Instructions to follow
Pictures are to be left out; every line from the one with "Realistic, Crystal Healing" through the end of the data must be transcribed exactly.

Data
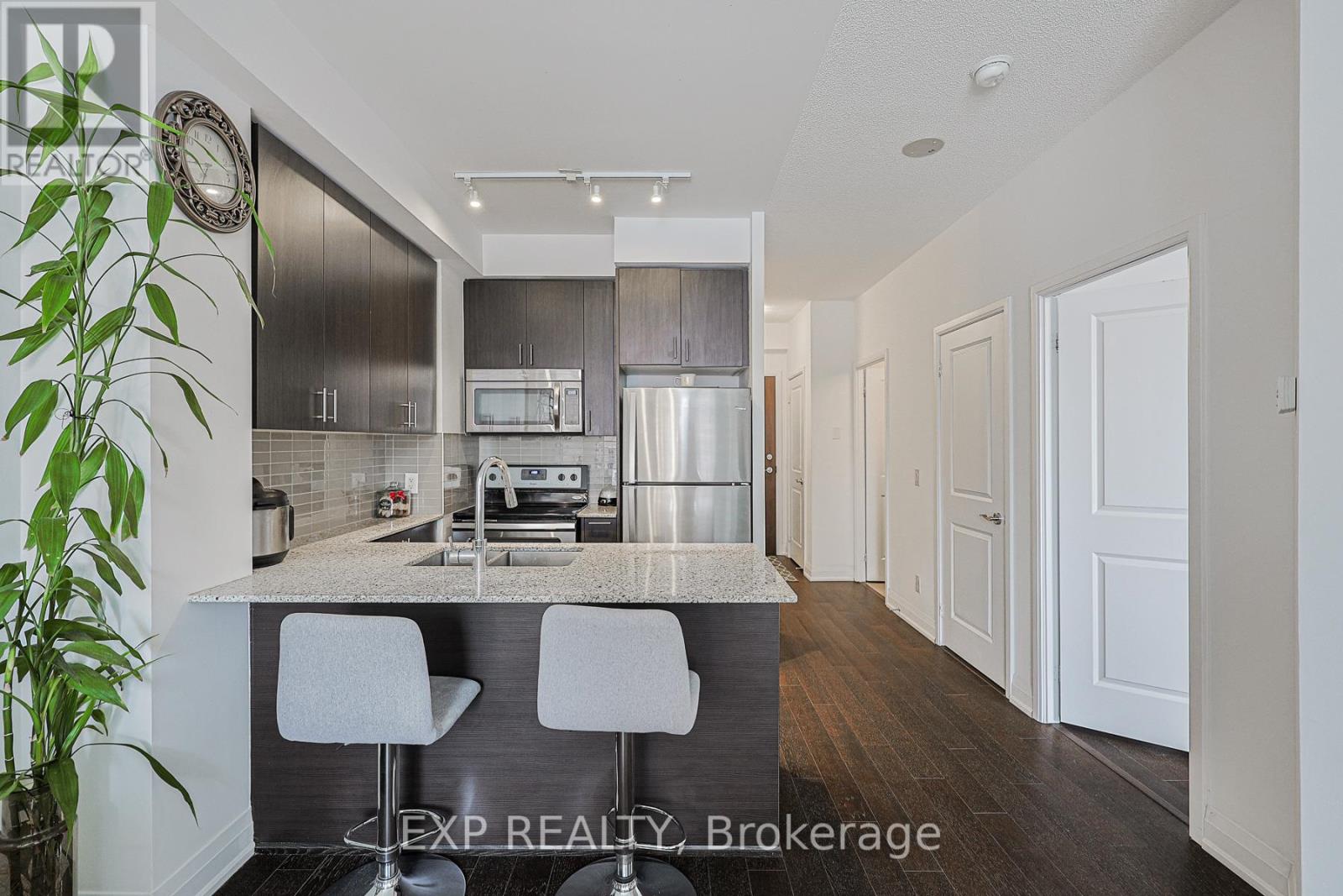 This beautiful 1 + den condo features an open-concept kitchen with 9-foot ceilings which fills the space with plenty of natural light throughout. Situated near Markham Road and Bur Oak, this unit offers easy access to shops, restaurants and transit. (id:64974)
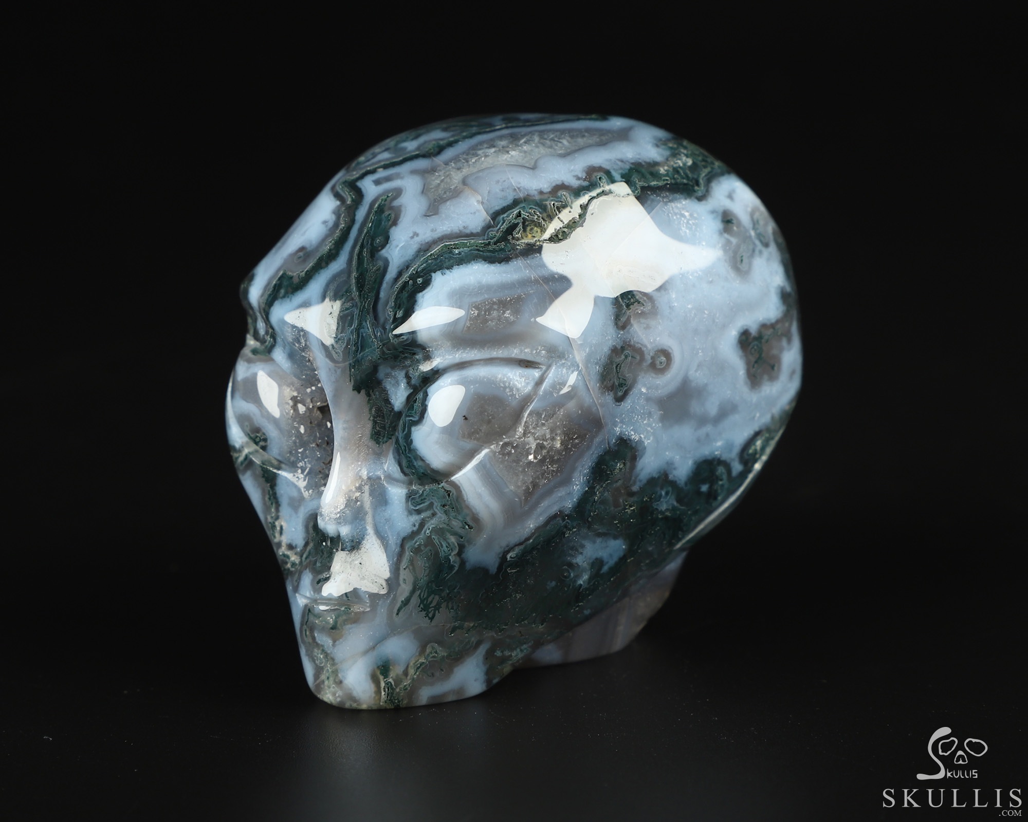 2.0" Green Moss Agate Hand Carved Crystal Skull, Realistic, Crystal Healing
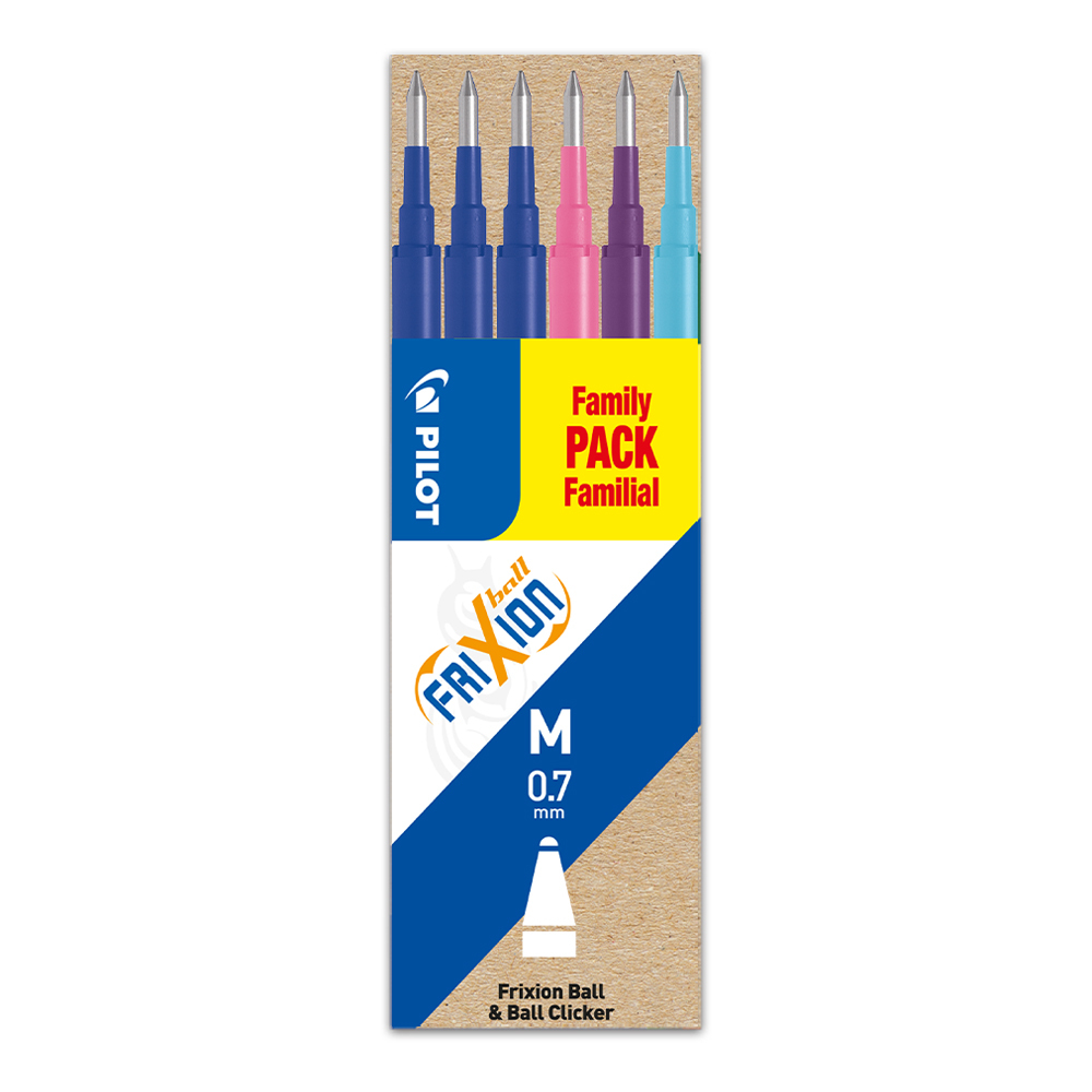 Náplň Pilot Frixion - 3x modrá, 1x čierna, 1x ružová a 1x svetlo modrá. Šírka stopy: 0,7 mm. Balenie obsahuje 6 ks. prečítať celé

Result for this exercise
 2.0" Green Moss Agate Hand Carved Crystal Skull, Realistic, Crystal Healing
 Náplň Pilot Frixion - 3x modrá, 1x čierna, 1x ružová a 1x svetlo modrá. Šírka stopy: 0,7 mm. Balenie obsahuje 6 ks. prečítať celé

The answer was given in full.